August 31, 2005
Keeping the feeling alive
The Chinese university culture still shocks me.
Exhibit A: Getting our class schedules. Each semester it’s been a different drill. Last semester I didn't get my class scedule until halfway through the first class I was supposed to teach. I tried to get this semester’s schedule at the beginning of summer vacation but was told the foreign teachers’ schedules wouldn’t be ready till later. The vacation passed and the beginning of school approached; with a little sleuthing and help from students I was able to navigate the school’s website enough to find what I thought were Naomi’s and my schedules: Foreign Teacher 1 and Foreign Teacher 2. I adjusted myself to the prospect of teaching Business Writing; I was to teach some of the same students I taught last semester, whom I liked. I had no classes on Mondays.
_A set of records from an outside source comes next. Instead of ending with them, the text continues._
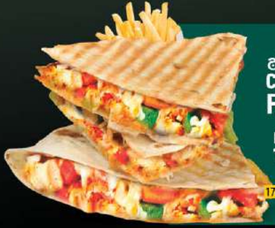
فانتاسيا دجاج CHICKEN FANTASIA
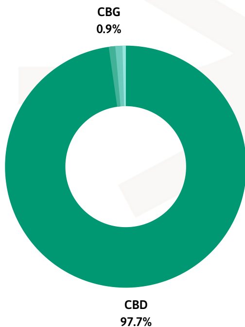
PERFIL DE CANNABINOIDES
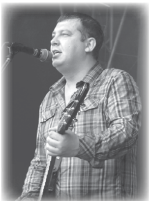
"Смысловые галлюцинации" на фестивале "Весна УПИ"

Что же это за чудо-мероприятие, которого с нетерпением ждут не только студенты, но и преподаватели? Впервые фестиваль прошёл в 1956 году под названием «Праздник весны», в котором принимали участие только студенты УПИ. Но уже в 70-х годах фестиваль получил нынешнее название. В 1959 году была организована смешанная эстафета на приз газеты «ЗИК», которая стала неотъемлемой частью всей программы мероприятия.
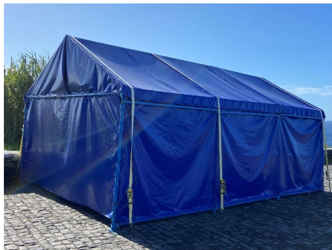
foto 2-Vista da tenda.

Sunday arrived, the day before classes began. We were summoned at about 10:00 in the morning to the English Department office to pick up our schedules. Lo and behold, my Foreign Teacher number was changed to 5. My classes were completely different from what I expected. I couldn’t have planned in advance if I’d wanted to. My first class was 8:00 the next morning.
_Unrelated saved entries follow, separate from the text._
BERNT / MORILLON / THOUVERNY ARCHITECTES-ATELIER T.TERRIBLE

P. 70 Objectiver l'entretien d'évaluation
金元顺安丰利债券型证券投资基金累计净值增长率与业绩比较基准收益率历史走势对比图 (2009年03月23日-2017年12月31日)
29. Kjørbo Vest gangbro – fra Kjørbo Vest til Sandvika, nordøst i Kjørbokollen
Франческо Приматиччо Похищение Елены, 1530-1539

Exhibit B: This morning one of my former students came over for my Chinese lesson. After we finished going over my lesson she pulled a stack of papers out of her bag: her classmates’ reports on their summer vacations. As the class monitor, she had to collect them. They were required by the school authorities to write 3000-5000 words about the "social practice" they did this summer – work, study, or practical experience – and have a form stamped by their employer. The form they were given at the beginning of the summer; the report they had learned about the day before. I asked if some of the students had “invented” material for their reports. Of course, she said. In fact, she had gotten a few extra blank forms stamped in case anyone needed one.
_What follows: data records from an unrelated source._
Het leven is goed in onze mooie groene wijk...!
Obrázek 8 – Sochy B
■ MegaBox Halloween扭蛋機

Exhibit C: Our first English department meeting of the semester. Four of the seven foreign teachers employed by the English department were in attendance, as well as a dozen and a half Chinese teachers. Mr. Sun, our “leader”, introduced the four of us, politely exaggerating our qualifications and experience. Then he said he trusted that, as foreign teachers, we would do our best to teach writing and oral English to ensure that the upcoming assessment of our school’s English Department by the Chinese Ministry of Education would be successful. This would include making “files” of our teaching, “doing research with our Chinese colleagues,” and “organizing last semester’s test papers.” The assessment is scheduled for next June. Thankfully, Naomi and I will be long gone by then.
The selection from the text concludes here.